That article seems over the top.  Not to mention that RIAD 6 isn't new,
Compaq had that as an option way before HP bought them.  As to having to
wait 2 weeks, well, that's why we buy the more expensive options with
hardware due to the warrentee program.

On Sat, Oct 8, 2011 at 2:14 AM, Mike Hoffman <[email protected]> wrote:

> Great articles.
> I have been sceptical of Raid5 for main years after an incident where I
> spent 2 weeks waiting on a spare controller being sourced while an array was
> down and 400+ people were asking me when it would be fixed about twice a
> day!!
> In the SBS case it was a Raid1 Pair. I now would much rather put in 4
> mirrored pairs than a RAID5. Putting in faster drives or SSD is a much
> simpler option.
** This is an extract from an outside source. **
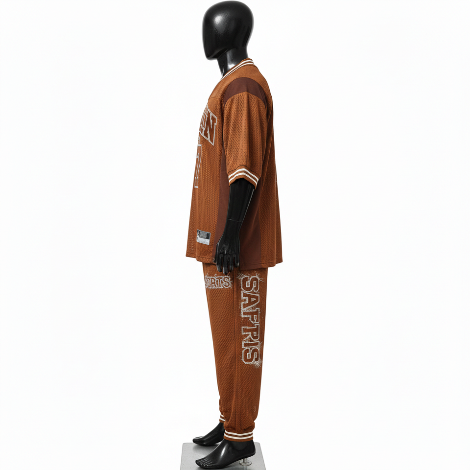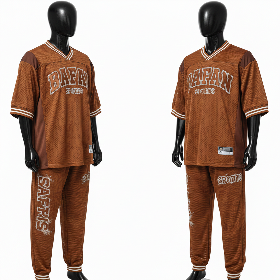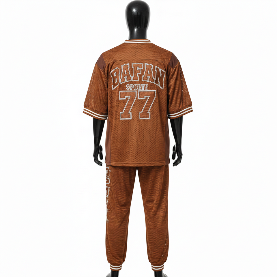 Ensemble de pantalon et maillot en mesh polyester respirant pour homme, 180 GSM, vêtements de sport, panneau contrastant marron, logo brodé personnalisé, ensemble 2 pièces pour homme

Anyone can install a RAID5 set, but it takes a lot of work
> to recover data from one.
> It's like anything in IT, if you put all your eggs in one basket then you
> need to protect that basket. If your budget cannot afford to protect that
> basket then you need to mitigate or accept the risk.
> Mike
>
> -----Original Message-----
> From: Angus Scott-Fleming [mailto:[email protected]]
> Sent: 08 October 2011 05:14
> To: NT System Admin Issues
> Subject: Re: Server gets sloooower the longer it stays up
>
> On 5 Oct 2011 at 11:44, Mike Hoffman  wrote:
>
> >     I´ve just had a similar thing with an SBS 2008 box, and discovered
> the
> >     Raid drives had issues. After replacing one drive the rebuild stuck
> at
> >     99.83% and after that every 6-8 hours the network cards stopped and
> the
> >     system just froze. Now the box is virtual and running fine since.
>
> Related story ....
>
> Why RAID 5 stops working in 2009 | ZDNet
> http://www.zdnet.com/blog/storage/why-raid-5-stops-working-in-2009/162
>
> Due to the size of modern drives, one can apparently EXPECT a read-failure
> during a RAID-5 rebuild, so RAID 5 is no longer reliable enough.  With 120GB
> drives it was fine.  With terabyte drives it isn't.
>
>  RAID5 versus RAID10 (or even RAID3 or RAID4)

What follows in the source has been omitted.